WHAT YOU NEED TO DO —
The required output is the lines from the one with "asian muslim little" through the end of the data, repeated verbatim, with no pictures included.

MATERIAL FOR THIS TASK —
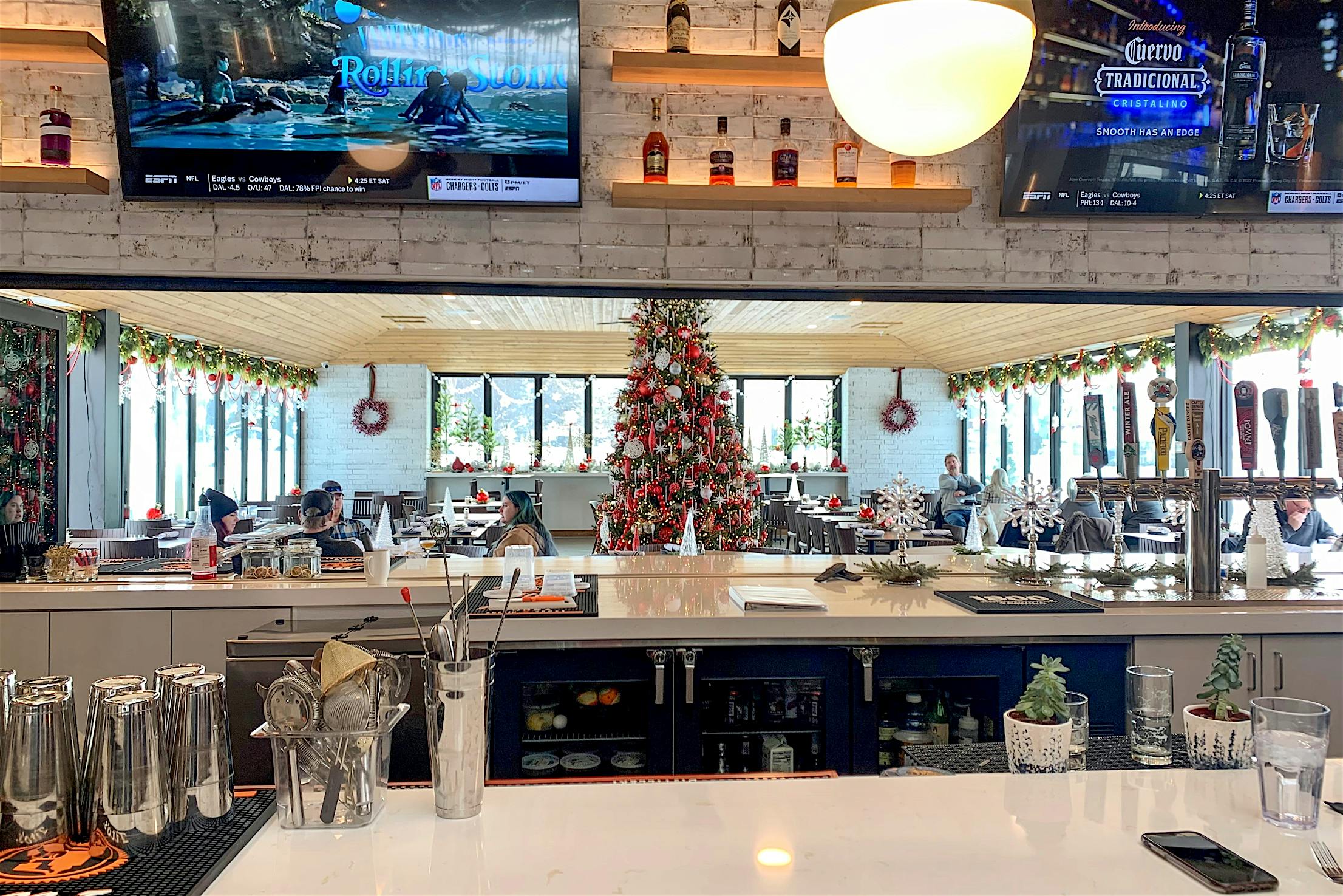 Behind the main bar, we removed the old bank Teller window and installed a NanaWall to open into the enclosed patio area. We used three more NanaWall Systems in the enclosed patio area to allow the space to be open air in the summer months but still function as climate-controlled space in the cold Minnesota winter months.
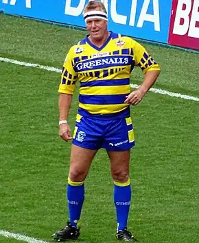 Kevin Stewart Ellis (born 29 May 1965) is a Welsh former professional rugby league and rugby union footballer who played in the 1980s, 1990s and 2000s. A Great Britain and Wales national representative. He played club level rugby union (RU) for Bridgend RFC, Maesteg RFC (two spells), Treorchy RFC, Sale Sharks, London Irish, Cardiff RFC, Pontypool RFC and Ebbw Vale RFC, at representative level rugby league (RL) for Wales, and at club level for Warrington Wolves, Workington Town, Gold Coast Chargers, Bridgend Blue Bulls and Celtic Crusaders, as a stand-off, scrum-half, or loose forward.[1][3]
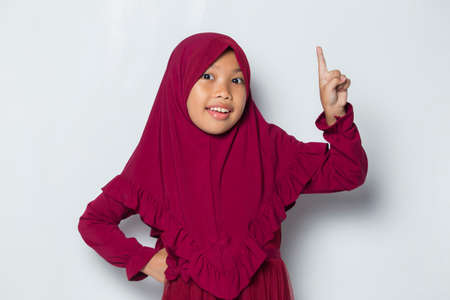 asian muslim little girl thinks idea isolated on white background
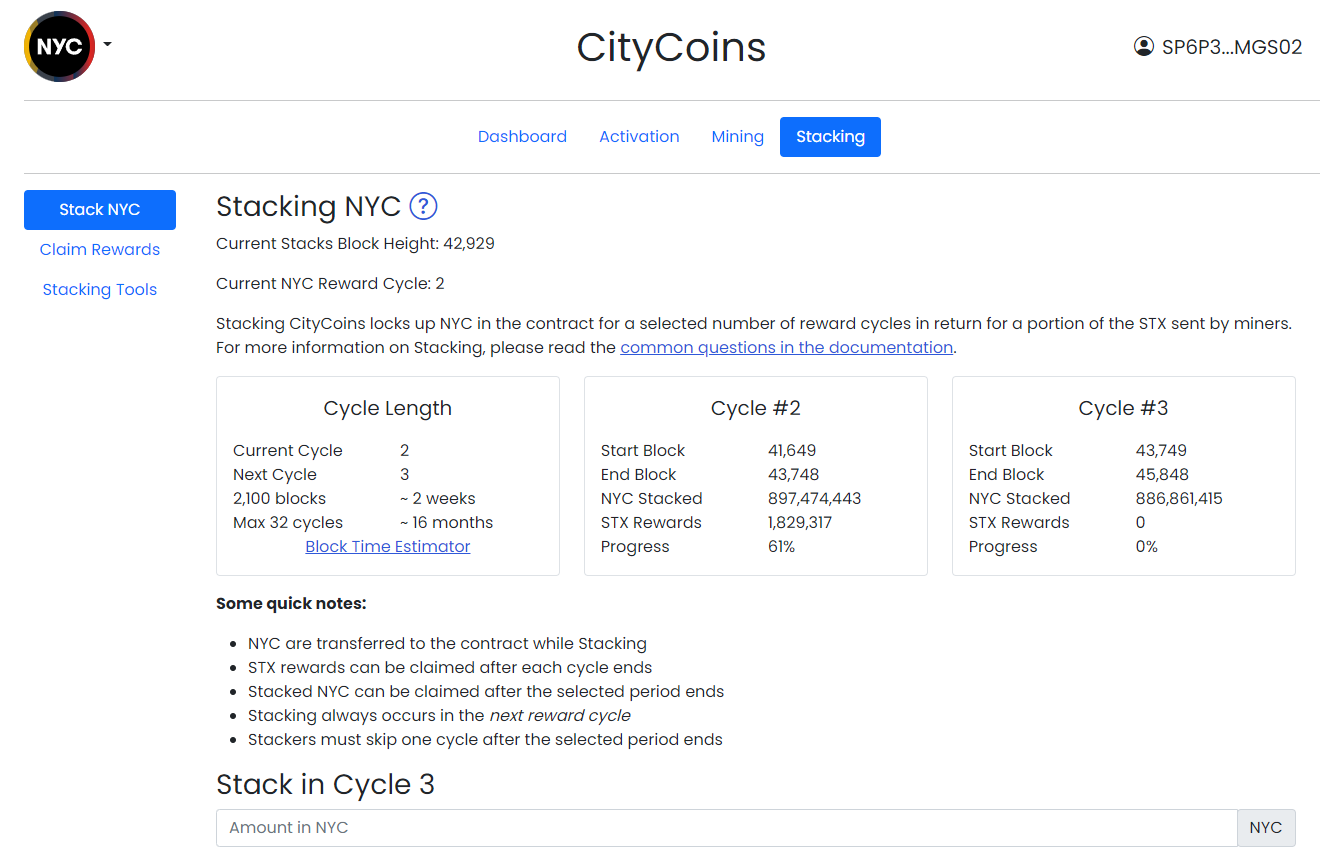 [Stacks] NYC coin 채굴해서 스테이킹해서 다시 스택스 벌기
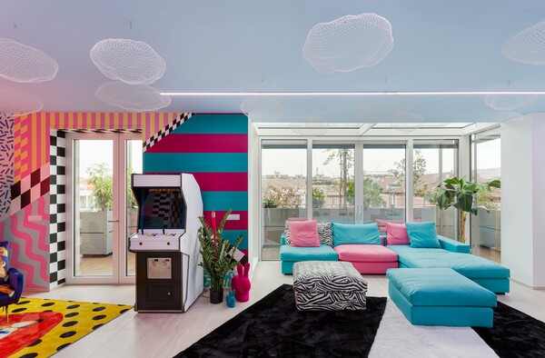 Μοτίβα και χρώματα είναι πανταχού παρόντα στο σαλόνι, όπου οι τοίχοι έχουν χρωματιστεί ώστε να συνδυάζουν ένα μείγμα από ρίγες, ζιγκ-ζαγκ, τρίγωνα και παύλες. Άμορφες μπάλες από λευκό δίχτυ έχουν κρεμαστεί από την οροφή για να μοιάζουν με σύννεφα.
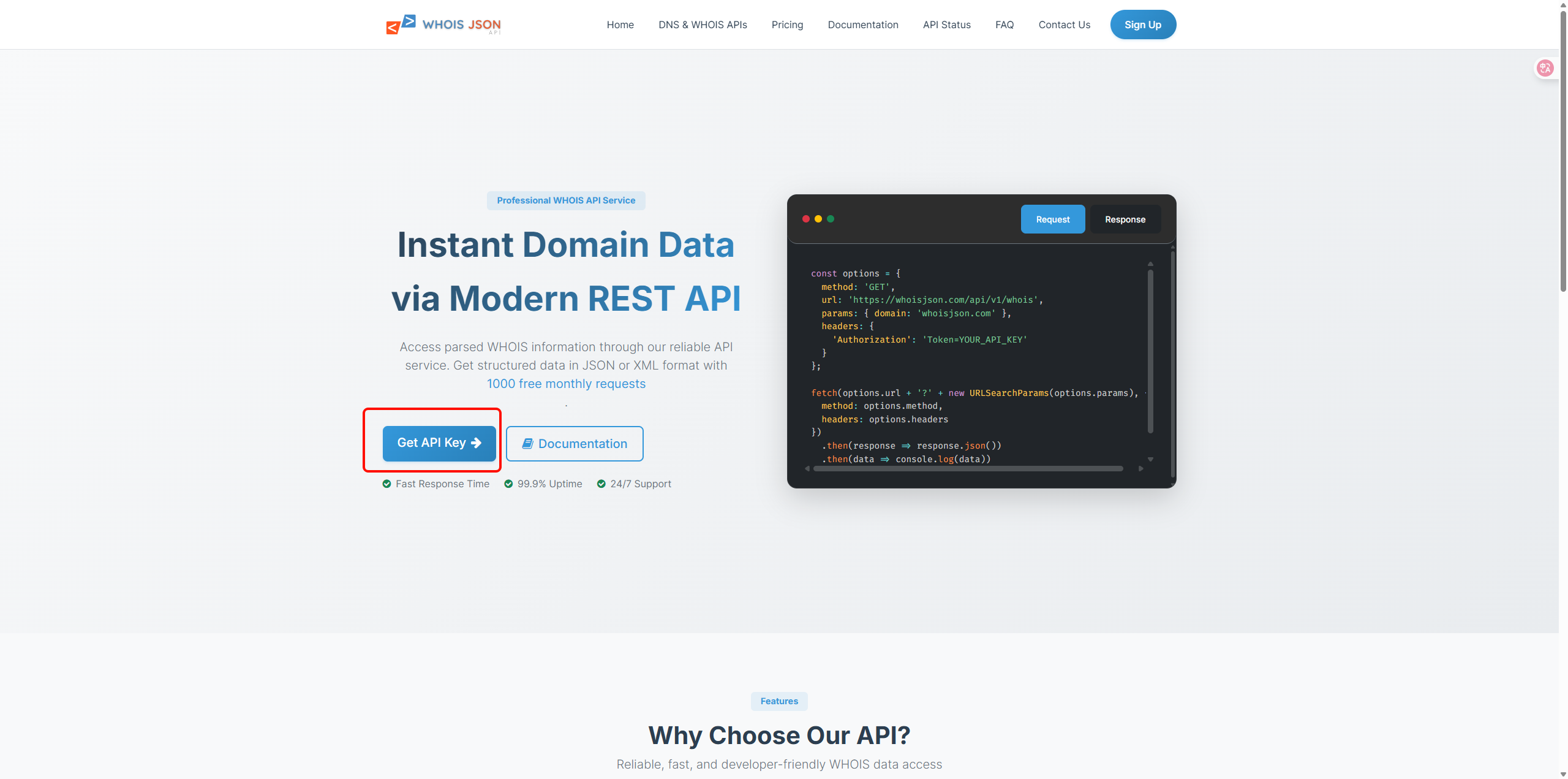 来到https://whoisjson.com/,点击`Get Api Key`,注册账号
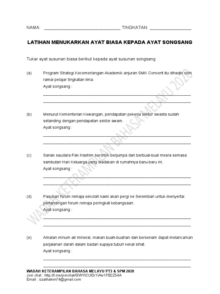 Soalan Latihan Ayat Songsang Spm Latihan Ayat Biasa Dan Ayat Songsang Pt3 Sila Jawab Semua Soalan Ramalan Joni Tanas
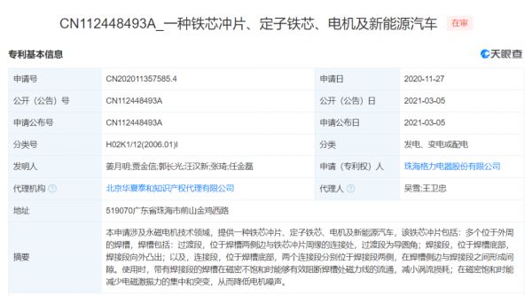 再到今年,或许是看到了美的去年再次入局造车的动向,就在美的发布新品的两月前,格力公开了一项名为“一种铁芯冲片、定子铁芯、电机及新能源汽车”专利技术。
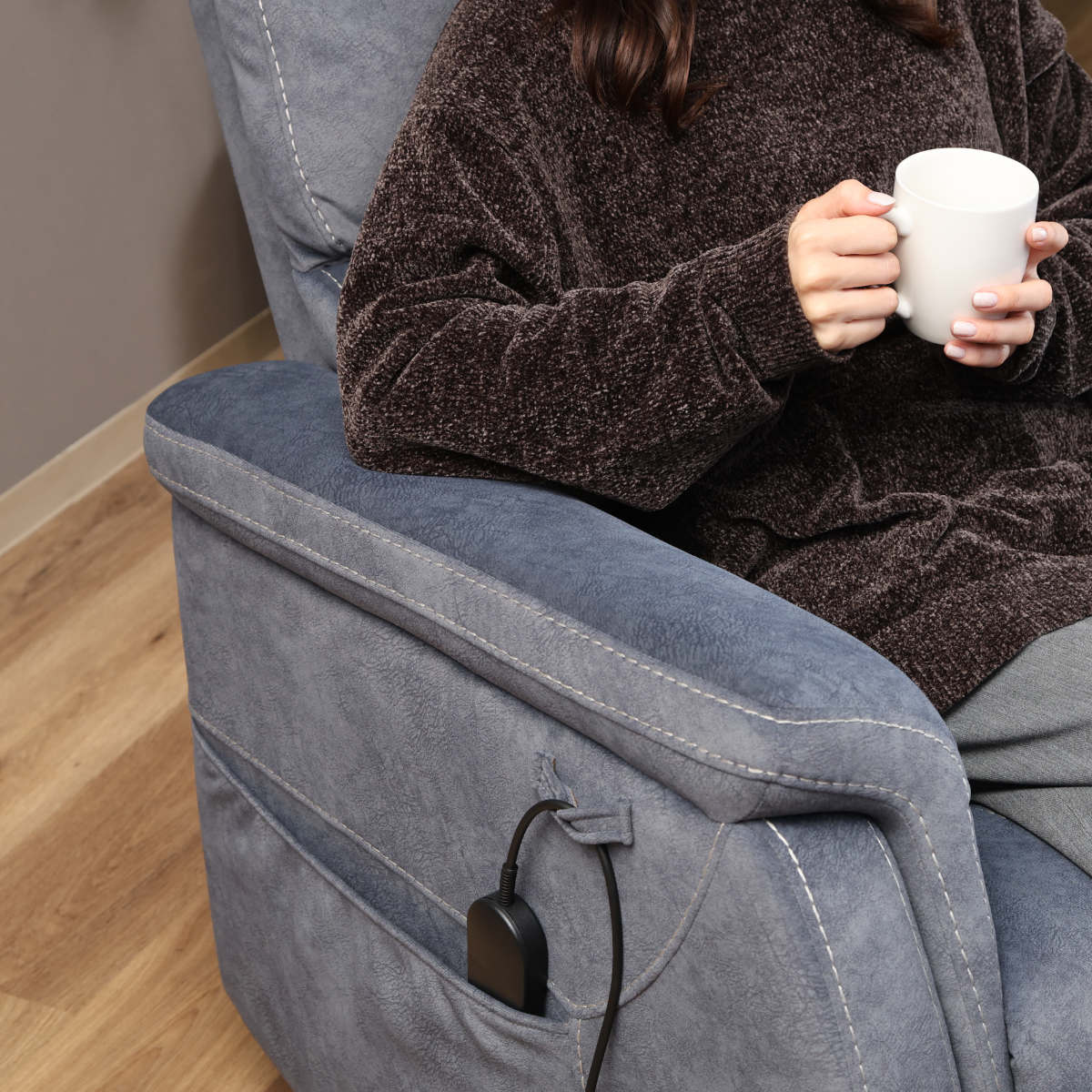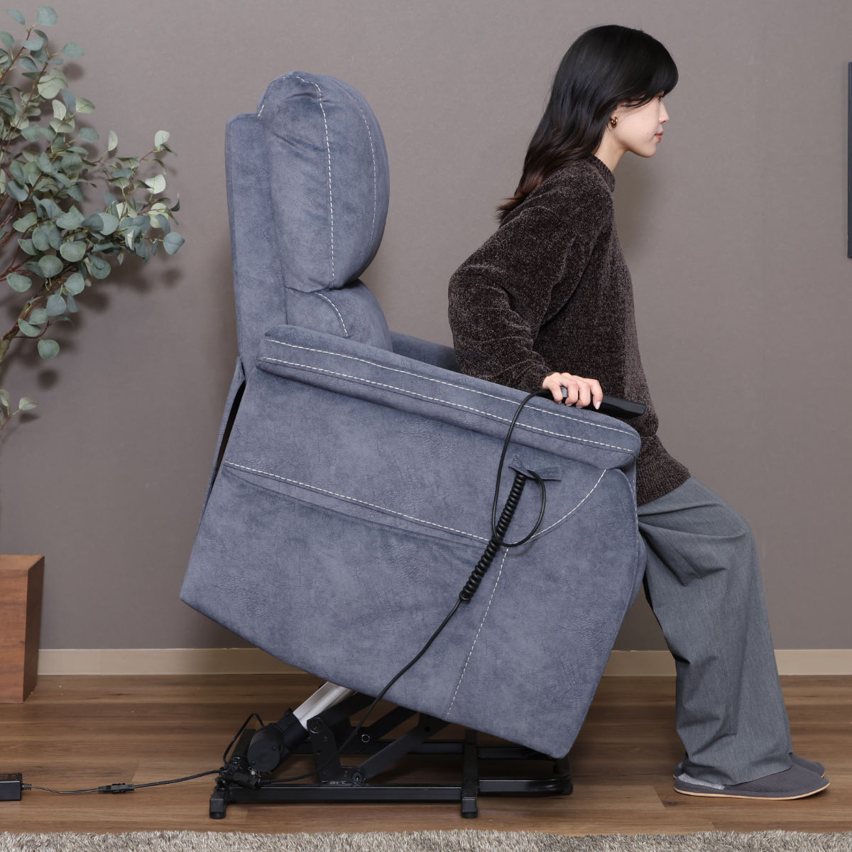 座面後部が20秒で45度までせり上がり、ラクに立ち上がることができます。ゆっくりとした動作で、安全に立ち上がりをサポートしてくれます。

OUTPUT OF THE EXERCISE —
 asian muslim little girl thinks idea isolated on white background
 [Stacks] NYC coin 채굴해서 스테이킹해서 다시 스택스 벌기
 Μοτίβα και χρώματα είναι πανταχού παρόντα στο σαλόνι, όπου οι τοίχοι έχουν χρωματιστεί ώστε να συνδυάζουν ένα μείγμα από ρίγες, ζιγκ-ζαγκ, τρίγωνα και παύλες. Άμορφες μπάλες από λευκό δίχτυ έχουν κρεμαστεί από την οροφή για να μοιάζουν με σύννεφα.
 来到https://whoisjson.com/,点击`Get Api Key`,注册账号
 Soalan Latihan Ayat Songsang Spm Latihan Ayat Biasa Dan Ayat Songsang Pt3 Sila Jawab Semua Soalan Ramalan Joni Tanas
 再到今年,或许是看到了美的去年再次入局造车的动向,就在美的发布新品的两月前,格力公开了一项名为“一种铁芯冲片、定子铁芯、电机及新能源汽车”专利技术。
 座面後部が20秒で45度までせり上がり、ラクに立ち上がることができます。ゆっくりとした動作で、安全に立ち上がりをサポートしてくれます。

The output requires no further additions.